The Inquirer
- News, reviews, facts and friction
- Website type: Tech tabloid
- Available in: English
- Dissolved: 19 December 2019; 6 years ago
- Owner: Incisive Media Ltd.
- Creator: Mike Magee
- Editor: Carly Page
- Key people: Lee Bell; Roland Moore-Colyer; Dave Neal; Chris Merriman; Alan Martin;
- Commercial: Yes
- Registration: No
- Launched: 2001; 25 years ago
- Current status: Ceased publishing

= The Inquirer =

British technology tabloid website

The Inquirer (stylized as TheINQUIRER) was a British technology tabloid website founded by Mike Magee after his departure from The Register (of which he was one of the founding members) in 2001. In 2006 the site was acquired by Dutch publisher Verenigde Nederlandse Uitgeverijen (VNU). Mike Magee later left The Inquirer in February 2008 to work on the IT Examiner.

Historically, the magazine was entirely Internet-based with its journalists living all over the world and filing copy online, though in recent years it has been edited from Incisive Media's offices in London.

Although traditionally a 'red top', under Incisive Media it has put more weight behind its journalism, reducing the number of jibes at companies, and moved instead towards sponsored online debates in association with high-profile organisations, most recently, Intel.

The Inquirer ceased publishing on 19 December 2019, partly due to declining digital advertising revenues.

==Scoops==
===Sony laptop battery scandal===
In 2006 The Inquirer reported laptop battery problems that affected Dell, Sony and Apple as of September 2006, with rumours of problems at Toshiba and Lenovo. In June 2006, The Inquirer published photographs of a Dell notebook PC bursting into flames at a conference in Japan; The New York Times reprinted The Inquirers photographs. The Inquirer was also the first publication to report Dell's subsequent decision to recall faulty batteries, according to BusinessWeek.

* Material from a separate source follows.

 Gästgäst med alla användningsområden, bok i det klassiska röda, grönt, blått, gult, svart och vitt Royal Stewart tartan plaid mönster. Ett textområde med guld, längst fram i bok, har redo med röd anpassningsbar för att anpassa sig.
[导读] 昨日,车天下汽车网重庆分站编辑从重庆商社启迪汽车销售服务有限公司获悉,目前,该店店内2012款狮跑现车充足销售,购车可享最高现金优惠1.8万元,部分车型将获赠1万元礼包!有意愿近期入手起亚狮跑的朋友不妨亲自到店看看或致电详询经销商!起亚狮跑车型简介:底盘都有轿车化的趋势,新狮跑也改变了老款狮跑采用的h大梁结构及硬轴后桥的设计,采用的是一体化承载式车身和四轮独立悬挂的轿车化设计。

The Inquirer's successful reporting of the story relied on information supplied by readers and later by a confidential source at Dell. "I attribute being on top of the story to old-fashioned print journalism standards – cultivating, and, if you'll excuse the pun, not burning such contacts," The Inquirer's founder, Mike Magee, told BusinessWeek.

===Rydermark===
In July 2006, The Inquirer posted images to show cheating by Nvidia Windows device drivers in Rydermark 2006. The images were alleged to be fake by a number of sources. The Inquirer denied any wrongdoing and quoted the maker of Rydermark calling the allegations against them "irresponsible". About 8 months after the original Rydermark article, The Inquirer ran another article claiming that Rydermark was still being developed, but was near release. In response, one of its critics offered $1,000 to a charity of the Rydermark articles author's choosing if he could produce (breaching his NDA) a version of Rydermark that showed the alleged screenshots in full-motion video before a set deadline (which gave the author 10 and a half hours, beginning at 6:30PM UK time). No one produced the program before the deadline passed.

Independent verification that RyderMark was genuine, first appeared in TweakTown in May 2007. RyderMark developer Ajith Ram denied ever sending the Inquirer Nvidia cheating allegations.

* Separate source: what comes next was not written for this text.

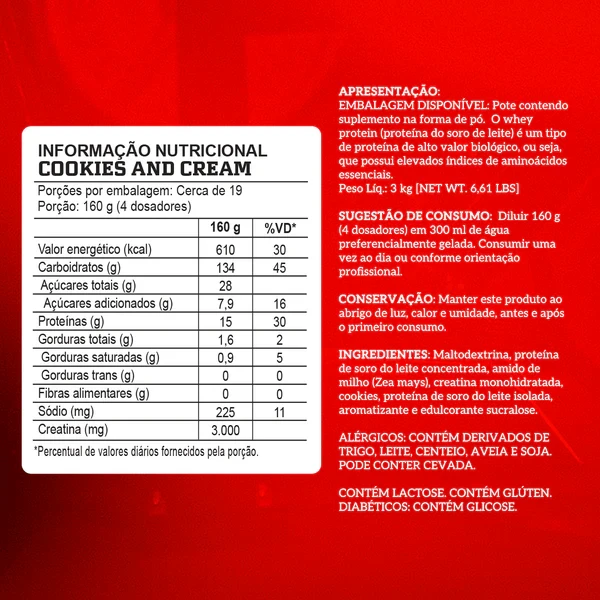 A composição reúne fontes de energia rápida, como a maltodextrina, além de proteínas do soro do leite concentrada e isolada. O produto também contém creatina monohidratada, ingrediente amplamente utilizado por praticantes de atividades físicas que buscam melhorar o desempenho durante os treinos.

===ATI Intel front side bus license revocation===
On 24 July 2006, The Inquirer wrote that, in response to AMD's announced intent to purchase ATI, "ATI had its chipset license pulled, or at least not renewed by Intel." ATI responded by stating that its license had not been revoked and that they continue to ship Intel chipsets under license. On 23 August 2006, ATI showed its chipset roadmap to motherboard vendors which showed that next-generation chipsets for the Intel platform are cancelled. On 1 March 2007, AMD said that they would continue developing chipsets for Intel platforms.

===Windows 10 Technical Preview eavesdropping===
On 3 October 2014, The Inquirer reported on the privacy policy for the Technical Preview the upcoming Microsoft Windows 10 operating system. In the report, it pointed out that the permissions included the ability for Microsoft to monitor individual keystrokes as well as file content from users. The story was picked up by news media around the world causing Microsoft to admit that monitoring was a necessary part of the process, but denying use of a keylogger.

Ed Bott, writing for ZDNet, accused the site of being "a tech tabloid known for its breathless headlines and factually challenged prose" and said of writer Chris Merriman, "there's little evidence that the author has enough background in computer science or security to tell a keylogger from a key lime pie."